まずはこの動画を見ることからはじめよう。
この動画は「Project Glass」と言って、小型のディスプレイを備えたウェアラブル端末のコンセプト動画になる。まず、このAR眼鏡と連動しているサービスがすべて既にGoogleから提供されているのことからも、GoogleとAR眼鏡の両者の相性の良さが見て取れる。そして、それだけではなく、この眼鏡はGoogleの決定的な欠点を補うことすらする。
Googleを使ううえでやっかいだったのは、「真に役に立つ情報を引き出すためのキーはユーザー自身が知っているとは限らない」ということだった。技術ではどうしようもなかった。Facebookはそれをすでに現実にあった人間同士のネットワークをインターネット上に持ってくることでそれを補完した。
もう少し突っ込むと、Googleが提供するWeb体験とは、「ネットサーフィン中は自分が探そうとした情報以外に到達しない」ものだった。そこになかった「偶然」を、FacebookやTwitterなどのSNS系のサービス(Twitterがその特性が顕著だろう)は提供していた。
GoogleはAR眼鏡によって「偶然」を手に入れることができる。僕たちは煮詰まったときには散歩をすることでアイデアを得る。偶然をモノにする。そして、Googleはそこに居合わせるという寸法だ。serendipity(セレンディピティ: 偶然を司る能力)とでも言おうか。Googleが手に入れようとしている能力のことだ。
アートプロジェクトのとき(参考: Googleのアートプロジェクトはすごく筋が通っている - 【旧】新書いとおかし)は抽象的だった危機感がより、具体化されて差し迫ってきている。Googleは僕たちがアイデアに詰まったときに散歩をして手に入れるような「偶然」まで支配するのか。
■ 蛇足: オレはこう考える
- それにしてもこのAR眼鏡、「Siriのもう一端」とも呼べそうな、その音声入力との相性の良さが印象的だ。

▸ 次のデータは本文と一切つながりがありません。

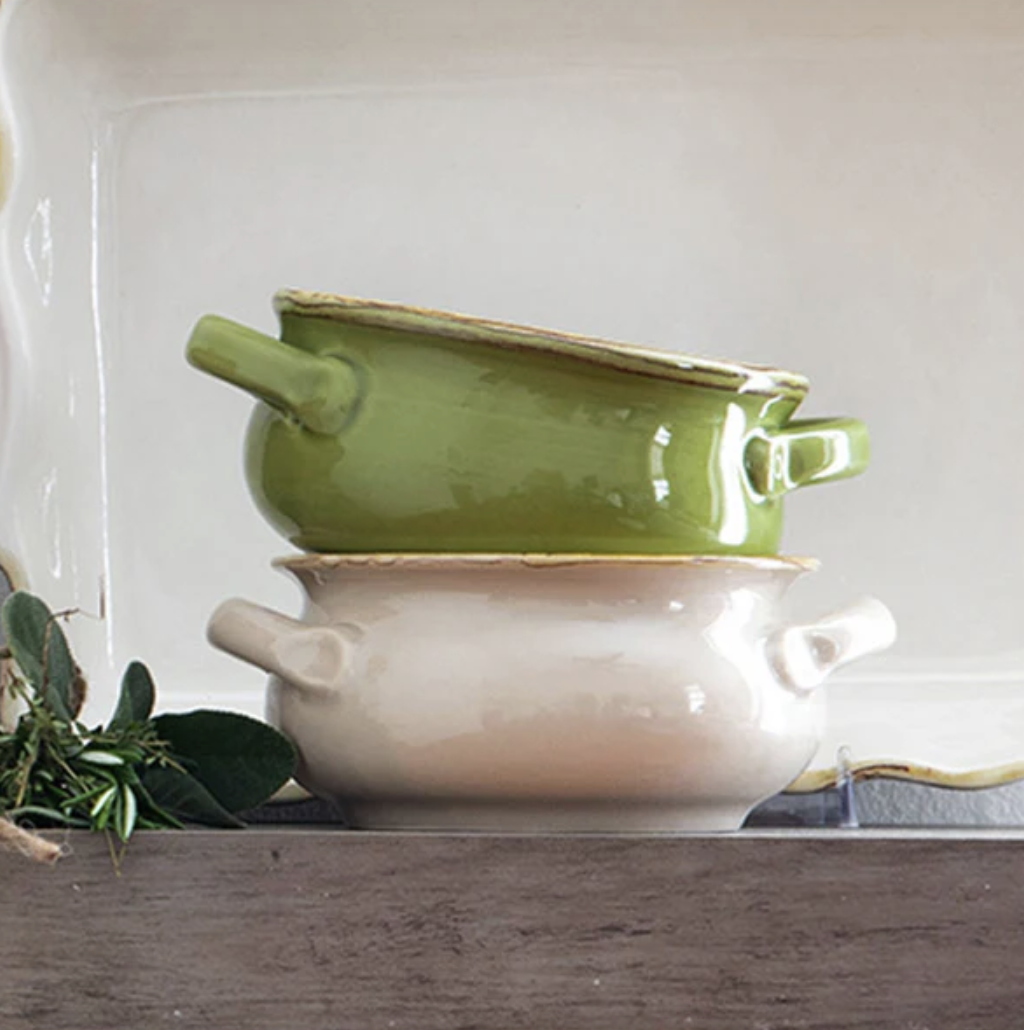 Oven Safe - VIETRI's casserole and baking dishes can be used in most conventional ovens and dishwashers. They are handcrafted of very dense clays and fired at high temperatures, making them heat-resistant up to 400°F. Do not use casserole lids in the oven, unless otherwise noted. Hot casseroles and baking dishes should never be placed on cool, damp, or unprotected surfaces. VIETRI bakeware should never be taken directly from the refrigerator to the oven due to the extreme temperature change, nor should it be placed directly from the oven to the freezer. The handles of these pieces are decorative and should not be used for support. Please remove the bakeware from the oven by holding the body of the dish, supporting the base.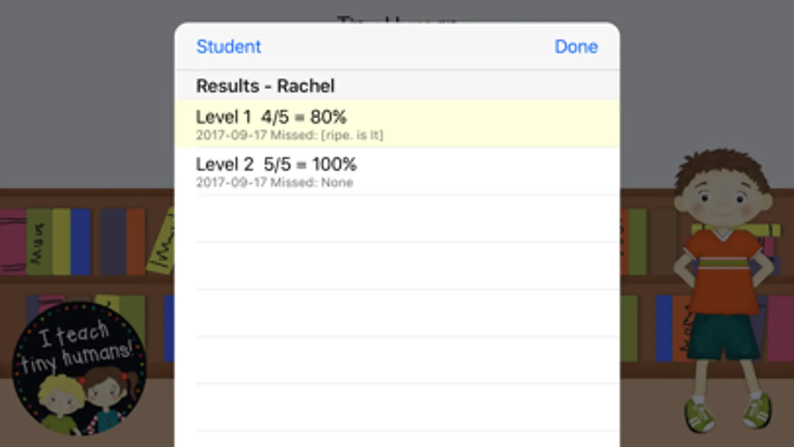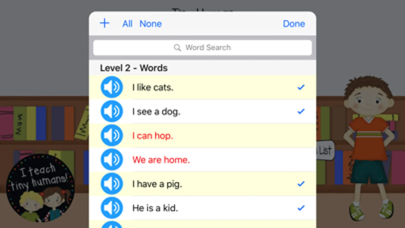 You child or student will have fun reading the words or phrases and constructing them in order to create sentences. The app will check their work and notify them of every phrase that is correct or misplaced. Every interaction is recorded by student and level. This can be reviewed by parents or educators to understand how the child is progressing and areas that need to be focused on for reinforcement or improvement.

- この眼鏡によってGoogleはFacebookという亡霊(というよりもGoogleの株主の意向?)に狂わされて創造したGoogle+というサービスの借金を返済できる。最も、動画からも分かる通りGoogle+はただの友達との共有の場としての1機能に過ぎなくなるわけだが。まあ、数多くのサービスを統一されたプラットフォームから提供する利点はAppleとGoogle自身がスマートフォンの戦場で教えてくれた教訓だ(実はTwitterもそうだ)。